_WHAT YOU WILL DO_: After locating the line with "Women's Korean Style" below, output it and each following line exactly, stopping after the line with "This bingo card". No pictures.

_INFORMATION SHOWN_:

Content starts

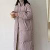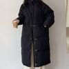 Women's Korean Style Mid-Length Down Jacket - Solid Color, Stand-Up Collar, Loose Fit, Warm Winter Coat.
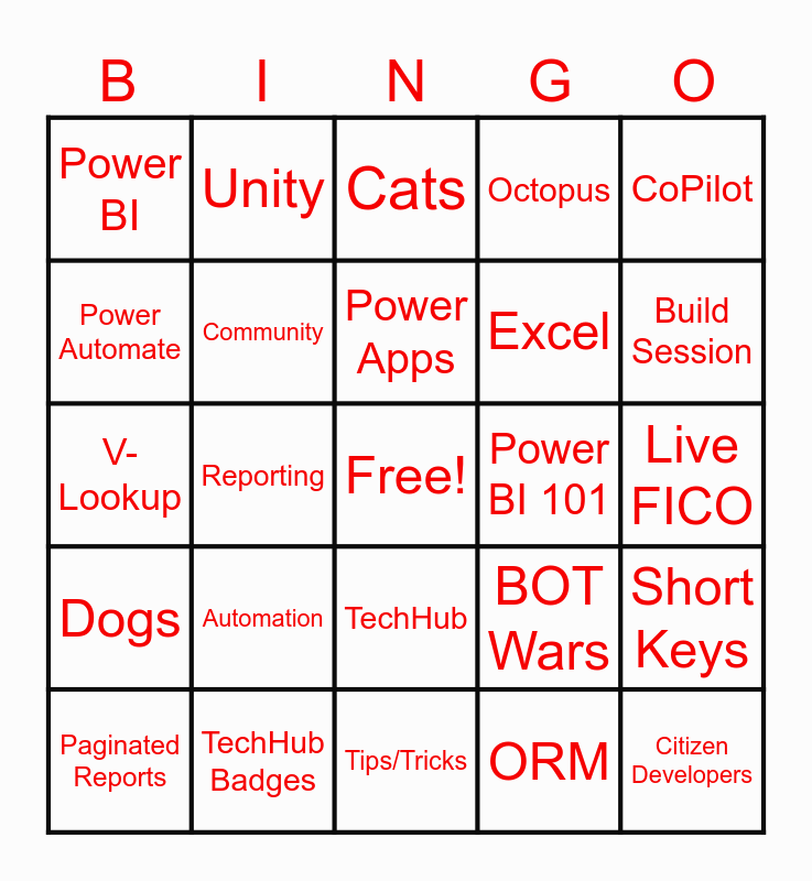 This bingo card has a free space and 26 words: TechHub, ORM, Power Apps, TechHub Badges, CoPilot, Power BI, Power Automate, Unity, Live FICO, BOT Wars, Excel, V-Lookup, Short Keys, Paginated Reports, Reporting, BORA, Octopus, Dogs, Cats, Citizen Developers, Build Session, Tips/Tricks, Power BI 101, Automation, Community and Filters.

Content ends
Content starts

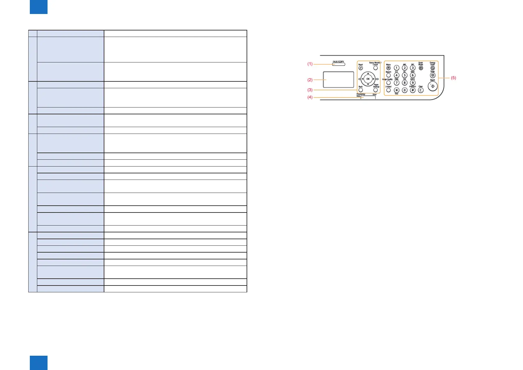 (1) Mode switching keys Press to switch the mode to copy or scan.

Content ends

_YOUR RESPONSE_:
 Women's Korean Style Mid-Length Down Jacket - Solid Color, Stand-Up Collar, Loose Fit, Warm Winter Coat.
 This bingo card has a free space and 26 words: TechHub, ORM, Power Apps, TechHub Badges, CoPilot, Power BI, Power Automate, Unity, Live FICO, BOT Wars, Excel, V-Lookup, Short Keys, Paginated Reports, Reporting, BORA, Octopus, Dogs, Cats, Citizen Developers, Build Session, Tips/Tricks, Power BI 101, Automation, Community and Filters.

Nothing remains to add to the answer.